#### Collected material ####

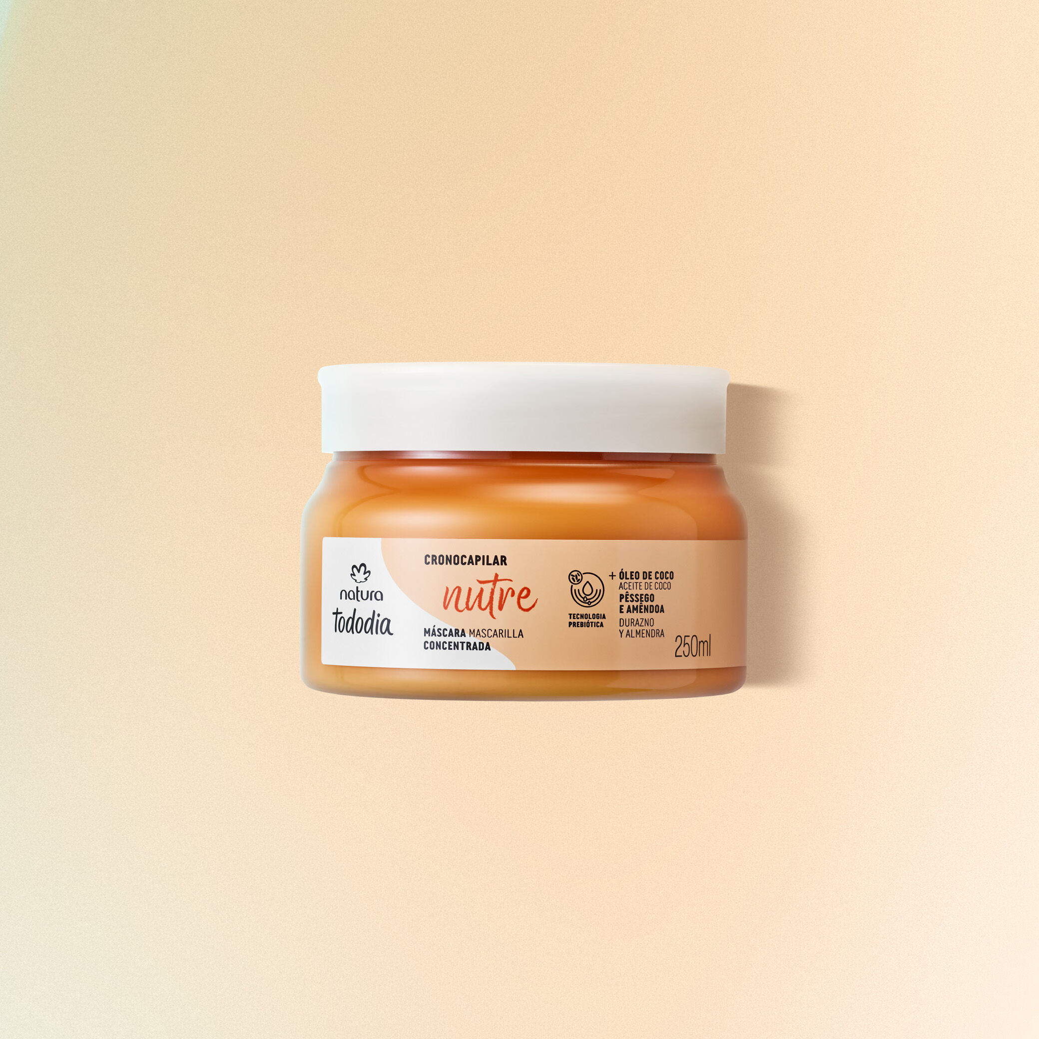 la Máscara Máscara Concentrada Nutritiva Tododia Durazno y Almendra contiene aceite de coco y aceite de almendra, que reponen los nutrientes, recuperan el cabello seco y con frizz, dejándolo ultra suave y brillante. TodoDía es el día para cuidar tu cabello con productos y fragancias deliciosas, que aportan bienestar a tu rutina de cuidado
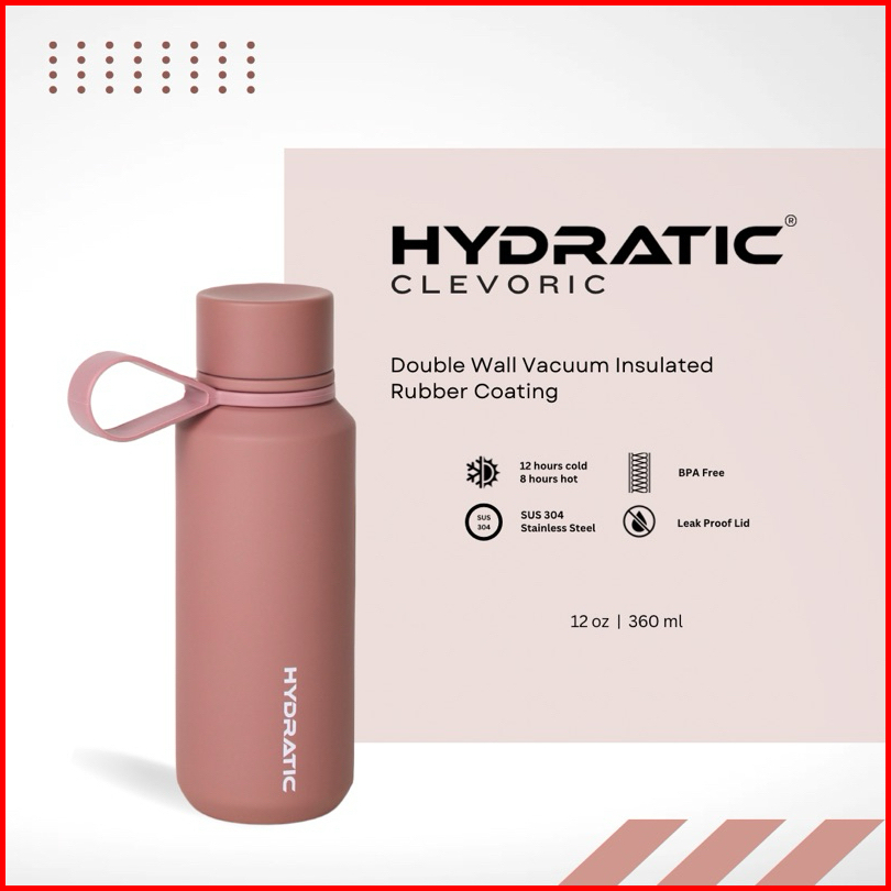 Botol Minum Tumbler Hydratic Clevoric 12oz 360ml - Tahan Panas Dingin 10-16 Jam - Smoke Pink - Stainless Steel Double
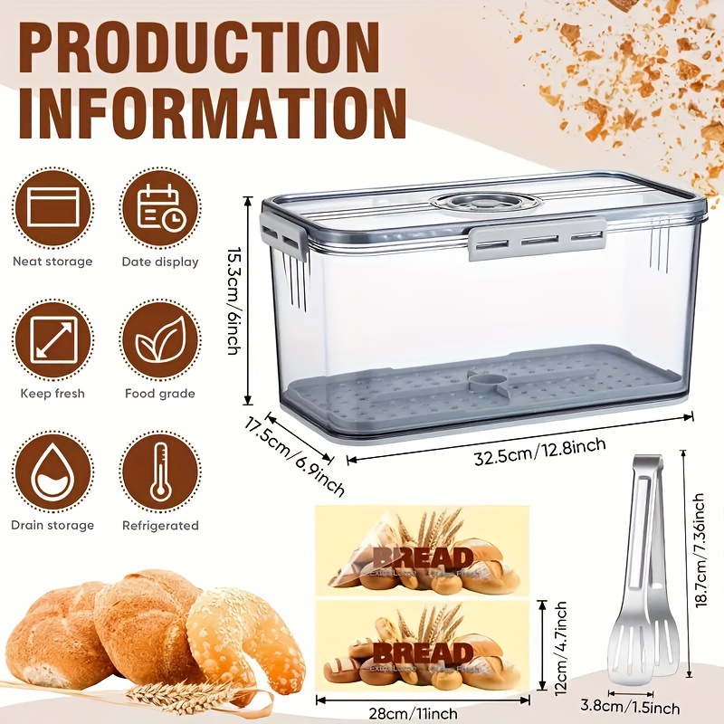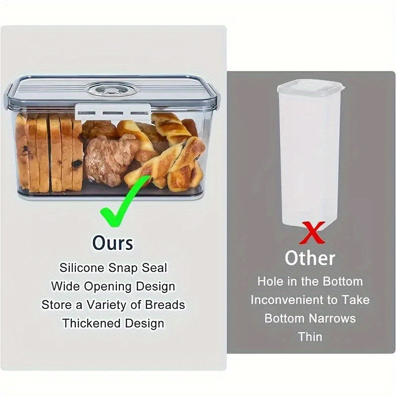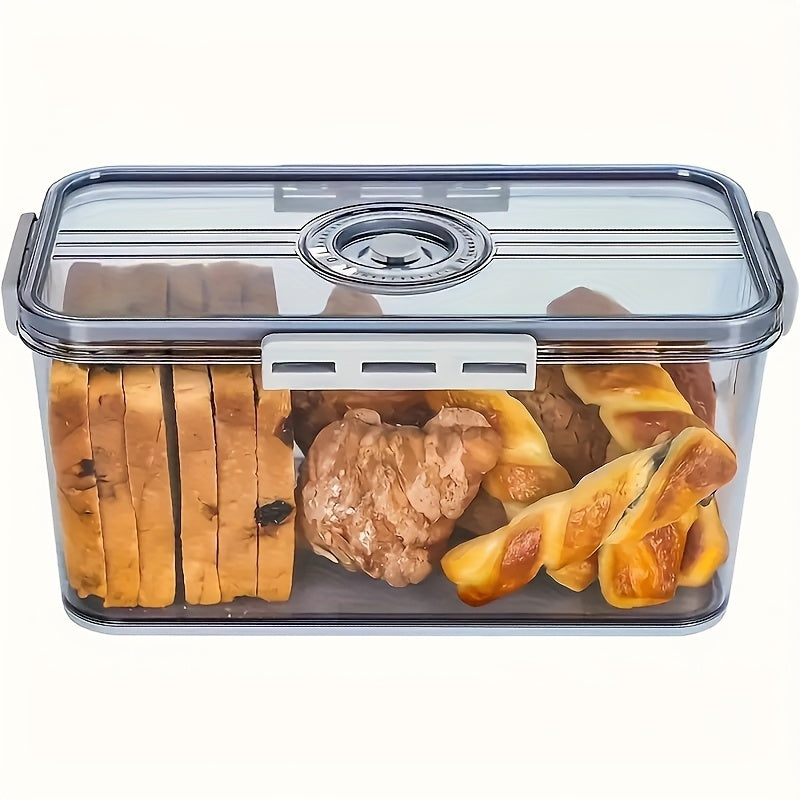 Pacote com 1 caixa hermética para pão - tampa flip-top à prova de vazamentos, recipiente de plástico durável para armazenamento de alimentos para pão, torradas e doces - design retangular que economiza espaço, reutilizável e portátil para cozinha, despensa, escritório e viagens

####

What needs to be done -
Write out, word for word, only the lines from the one containing "Botol Minum Tumbler" to the end of the data above; the pictures stay out.

Exercise output -
 Botol Minum Tumbler Hydratic Clevoric 12oz 360ml - Tahan Panas Dingin 10-16 Jam - Smoke Pink - Stainless Steel Double
 Pacote com 1 caixa hermética para pão - tampa flip-top à prova de vazamentos, recipiente de plástico durável para armazenamento de alimentos para pão, torradas e doces - design retangular que economiza espaço, reutilizável e portátil para cozinha, despensa, escritório e viagens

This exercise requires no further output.